La FIFA ha annunciato l'apertura di un'inchiesta nei confronti per un presunto episodio di molestie nella squadra femminile dello Zambia, eliminata nella fase a gironi dei Mondiali in corso in Australia e Nuova Zelanda. Stando a diversi media, al centro dell'indagine ci sarebbe l'allenatore della squadra, Bruce Mwape, che avrebbe toccato il seno di una giocatrice dopo un allenamento precedente l'incontro con la Costa Rica.

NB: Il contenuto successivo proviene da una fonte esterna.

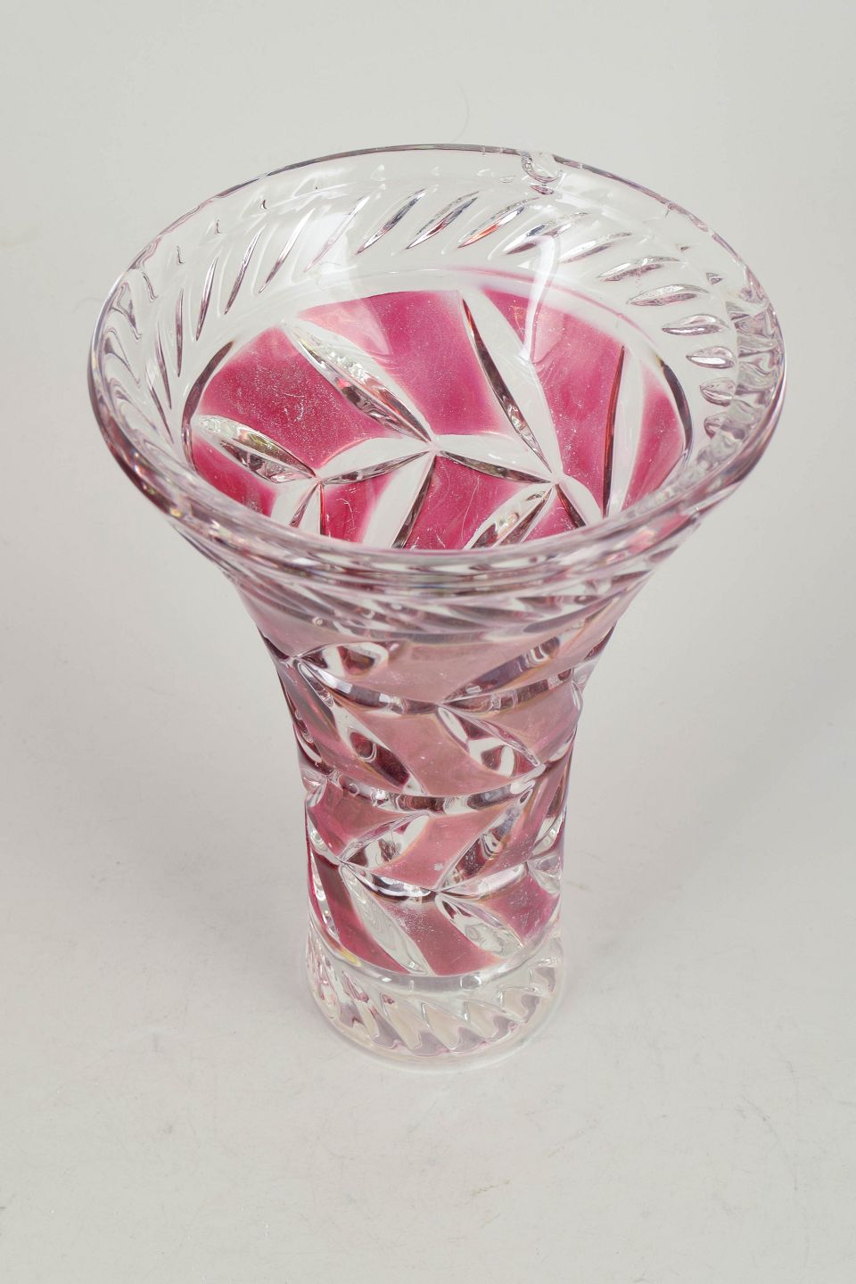 Presset og slebet krystal i klart og rosa tonet glas med spiralformet og geometrisk slebet dekor.

Il massimo organismo calcistico mondiale non ha fornito ulteriori dettagli, limitandosi ad affermare che prende sul serio "ogni accusa di comportamento fuori luogo" e ha creato "una procedura chiara affinché chiunque possa segnalarne".
Dal canto suo, la polizia neozelandese dice di non aver ricevuto alcuna denuncia, pur essendo informata del fatto. "Dopo una prima inchiesta, nessuna misura è stata adottata", precisa.
Si dice infine "sorpresa" la federazione calcistica zambiana, la quale ricorda che a tutti gli allenamenti era presente una squadra televisiva. Non sarebbero però le prime accuse nei confronti di Mwape, nominato nel 2018: era già stato confrontato a un'indagine per presunte aggressioni sessuali. Se dovesse risultare colpevole, rischierebbe una sospensione a vita.